Real Estate Law

Our team of Real Estate Lawyers provides practical advice and representation in all areas of Real Estate Law.  Our Real Estate practice groups services and experience include:

  • Purchase and Sale of Homes, including Condominiums (Freehold, Strata, Leasehold, Undivided Interests)

  • Mortgages & Refinancing

  • Buying or Selling a Commercial Property, including Commercial Mortgages

  • Co-ownership Agreements

  • Trust Declarations

  • Construction Loans

  • Foreclosures & Collections

  • Resolution of Property Disputes


For your Real Estate Law needs please contact our solicitor team.  If you would like to book an appointment with a real estate lawyer please contact Danna Shan or Joyce Ling.


Frequently asked questions

Real Estate Law

Q: Do I need a lawyer or notary to complete my real estate transaction?

A: Yes, you do. The completion of real-estate transactions is based on undertakings exchanged between the lawyer/notary representing the buyer and the lawyer/notary representing the seller. The funds are drawn from and received into the lawyer’s/notary’s trust account and disbursed according to the undertaking. Our law firm can assist you in completing your real estate transaction in an affordable and efficient manner.

Q: What are disbursements?

A: Our rates for real estate transactions comprise of two main components: fees and disbursements. Disbursements are third-party costs that we incur in order to complete the real estate transaction for you. Disbursements can include the following: land title searches and registration fees, cost for obtaining tax certificates, costs to obtain strata forms and courier fees. In some cases, where title insurance or other items are required, there will be additional disbursement costs associated with those items as well.

Q: How soon will I receive the funds from my sale?

A: Assuming that there are no delays in receiving the closing funds, money is usually sent out for deposit to the seller’s bank account on the day of closing.

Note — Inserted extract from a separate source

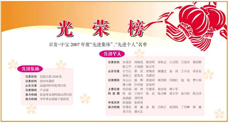 光榮榜——日發中寶2007年度“先進集體”、“先進個人”名單
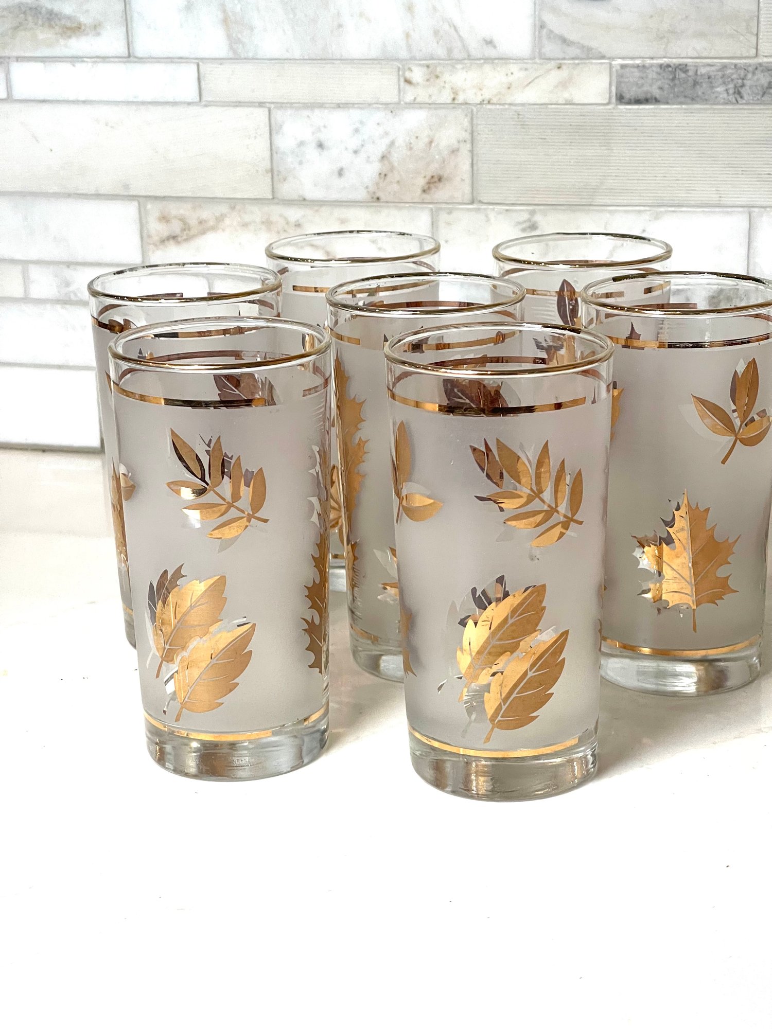 Mid Century Modern Libbey Frosted Gold Leaf Foilage Glassware . No chips or cracks.

Depending on the policies and procedures in place at your bank, funds may not be immediately available for use.

Q: What is the difference between “tenants in common” and “joint tenants”?

A: Joint tenants own the property in equal shares, have an equal interest in the property, and an equal right to use the whole of the property. If a joint tenant dies, his or her interest passes to the surviving joint tenant(s) automatically and does not normally form part of the deceased’s estate. Joint tenancy is a common choice for spouses who want to ensure that upon the death of one of them, the surviving spouse will have full ownership and use of the property. Tenants in common, on the other hand, own the property in specified percentages. The portion owned by a tenant in common is included in the estate of the individual when he/she dies, and will be distributed either according to the individual’s will or intestate if a will was not made.